In the world of machine learning, overfitting means your model is too focused on the training data, missing the bigger picture. Underfitting means it’s not capturing the patterns in the data. Just like in basketball, the goal is to find that perfect balance where your shots (or predictions) are consistently accurate.

Cloud

Kubernetes - K8s

K8s is a container orchestration platform that automates the deployment, scaling, and management of containerized applications.

Imagine you’re in charge of a space station orbiting Earth. Your job is to manage a crew of astronauts, allocate resources, and make sure everything runs smoothly. Now, think of your crew as software applications and your space station as a powerful platform for managing them—that’s Kubernetes!

Docker

Docker is a containerization platform that allows developers to package their applications and dependencies into isolated containers.

Think of Docker as the genius architect who designs the spaceship. It creates “blueprints” called containers—self-contained units holding everything needed to run an application, like software, libraries, and settings.

CI/CD

Imagine you’re a master chef running a restaurant. You want your delicious dishes (software) to reach customers’ tables quickly and consistently. That’s where Continuous Integration and Continuous Deployment (CI/CD) come in—a set of practices that ensure your software is always fresh and ready to serve.

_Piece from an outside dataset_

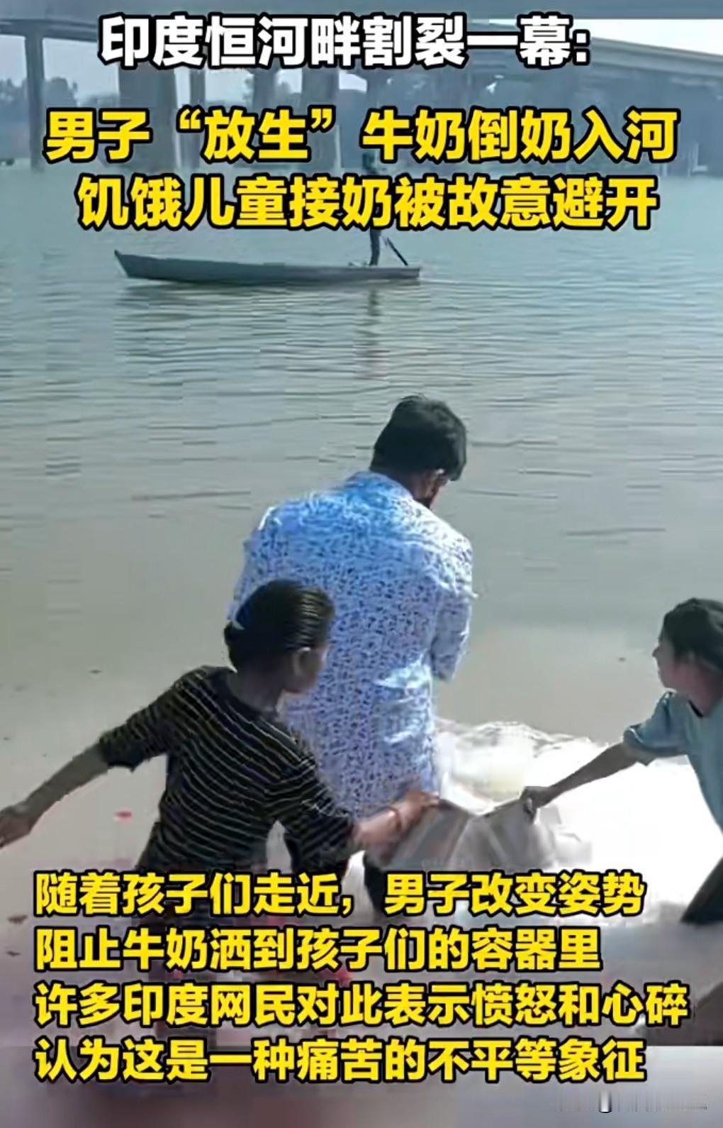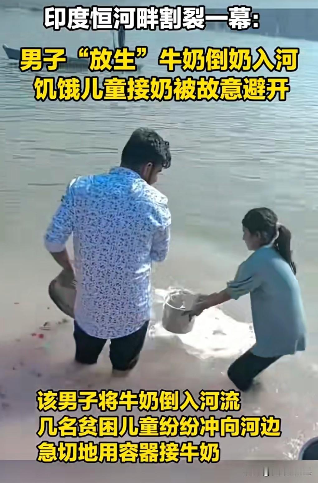 这真的是太丧心病狂了,竟然宁可倒掉牛奶,也不给那些贫困的儿童。 近日印度,一个男子愚蠢的向恒河里面倒牛奶。 这真的是太污染环境了。如果他是放生牛奶的话,说明他非常的愚蠢。 有别的孩子拿桶去接那个牛奶,他竟然故意避开这些孩子的桶,宁可倒掉也不给这些贫困的儿童。 这样的人真的是没点慈悲之心。 男人的行为让人感到愤怒和心碎。 贫富差距实在是太不平等了。

We talked about Github Actions, but you will also encounter Jenkins, a popular CI/CD tool because it is open source, extensible, and well-documented. It also has a large community of users and contributors, which means that there are many plugins and resources available to help developers get started with Jenkins.

Prometheus

Prometheus is a monitoring and alerting system that helps developers track the health of their applications.

You’re a guardian, responsible for keeping an eye on the health of everything within your responsability. Now, picture having a magical watchtower named Prometheus that lets you see the heartbeat of your software, ensuring it remains vibrant and trouble-free.